Il fotografo con il suo lavoro presenta giocoforza una parte infinitamente piccola rispetto a quanto succede quotidianamente nel mondo, e tuttavia esso risulta estremamente importante per rendere il notevole impatto emotivo e morale che possono trasmettere anche pochi scatti.
Stupenda, ad esempio, la serie di foto su Madre Teresa di Calcutta. Io prenderei come messaggio emblematico quella dove lei stringe al grembo un bambino. Se una foto può essere di aiuto a tutti quelli che hanno nelle loro mani il destino del mondo, io suggerirei di partire da questo scatto. Oggi abbiamo bisogno di persone che uniscano e non dividano. Di gente che trasmetta amore e non odio. Gli scatti esposti e pubblicati nel catalogo non sono stati commissionati ma scelti personalmente da Raghu Rai. Avevo chiesto al Maestro indiano almeno una foto di Madre Teresa, poi l'invito ricevuto dal Vaticano per partecipare alla canonizzazione di questa straordinaria creatura, evidentemente, lo ha fatto propendere per una serie di scatti a lei dedicati.
Lo spirito del “Premio Werner Bischof”, rappresentato da quel flauto che un bambino solitario suonava lungo i percorsi delle Ande peruviane, e che fu uno degli ultimi scatti del grande fotografo svizzero (pubblicato dopo che un incidente stradale gli aveva tolto la vita) ben si addice all'assegnazione di esso al fotografo indiano.

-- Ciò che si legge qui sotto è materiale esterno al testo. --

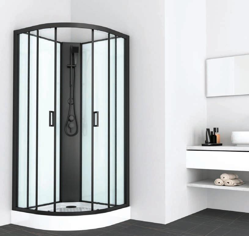 l90 x L90 x H225cm. Quart de rond. Accès d’angle. 2 portes coulissantes. Verres transparents trempés. Portes 5 mm. Parois fies 4mm. Paroi de fond 4 mm coloris noir. Profilé alu chromés très plats. oignée ABS chromé. Panneau de commande en acier inoxydable avec mitigeur sélecteur mécanique et jets hydromassants. Douchette à main 3 fonctions. Tête de douche en inox 25 x 25 cm intégrée dans le toit blanc en ABS. Flexible 1,50m. Roulettes doubles plastique. Receveur en acrylique renforcé 90 x 90 x 14 cm. Bonde 90 mm. Installation facile avec système de clips. Pas de vis. Pas de forage. Sans silicone. - 481080/D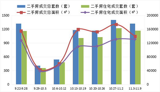 2025.11.3-11.9周苏州市二手房共计成交1322套,较上周减少82套,环比下降5.84%;成交总面积138988.47㎡,较上周减少34456.91㎡,环比下降19.87%。本周住宅成交量1168套,较上周减少56套,环比下降4.58%;成交面积130573.06㎡,较上周增加88.24㎡,环比上涨0.07%。其中,住宅总成交面积占成交总面积的93.95%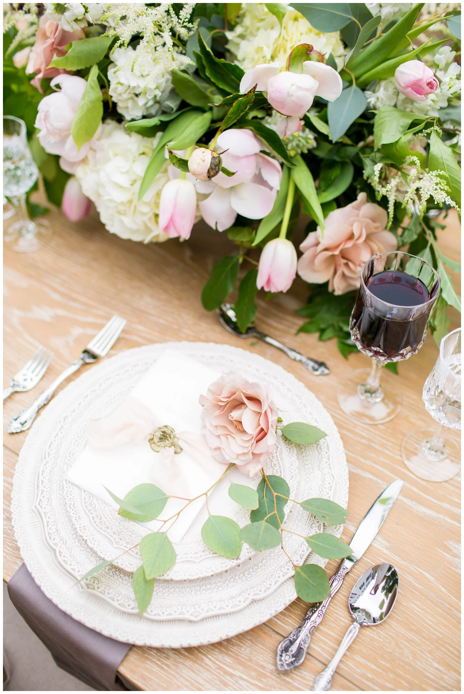 This was by far one of my favorite styled shoots to date! I mean, the color scheme I was working with made styling SO fun! The blushes with soft ivories paired perfectly with the hints of sage and the luscious greenery! True story, I love when I get asked the question, "Do you only style with the color pink?" I always laugh a little at this question! Of course pink is my favorite, but I'll never discriminate when it comes to working with colors!

La comunità di Zungoli, per aver avuto e condiviso questo grande privilegio di ospitare Raghu Rai, certamente avrà aggiunto un tassello importante a un progetto artistico e culturale negli anni a seguire. Proprio al sindaco di Zungoli Paolo Caruso voglio rivolgere un ringraziamento speciale, che dedico anche a Raimondo Bultrini, corrispondente dall'Asia di "La Repubblica", a Paolo Speranza, direttore di “Quaderni di Cinemasud”, e a tutti gli altri che, ciascuno per la propria parte, hanno contribuito all'esito positivo dell' evento.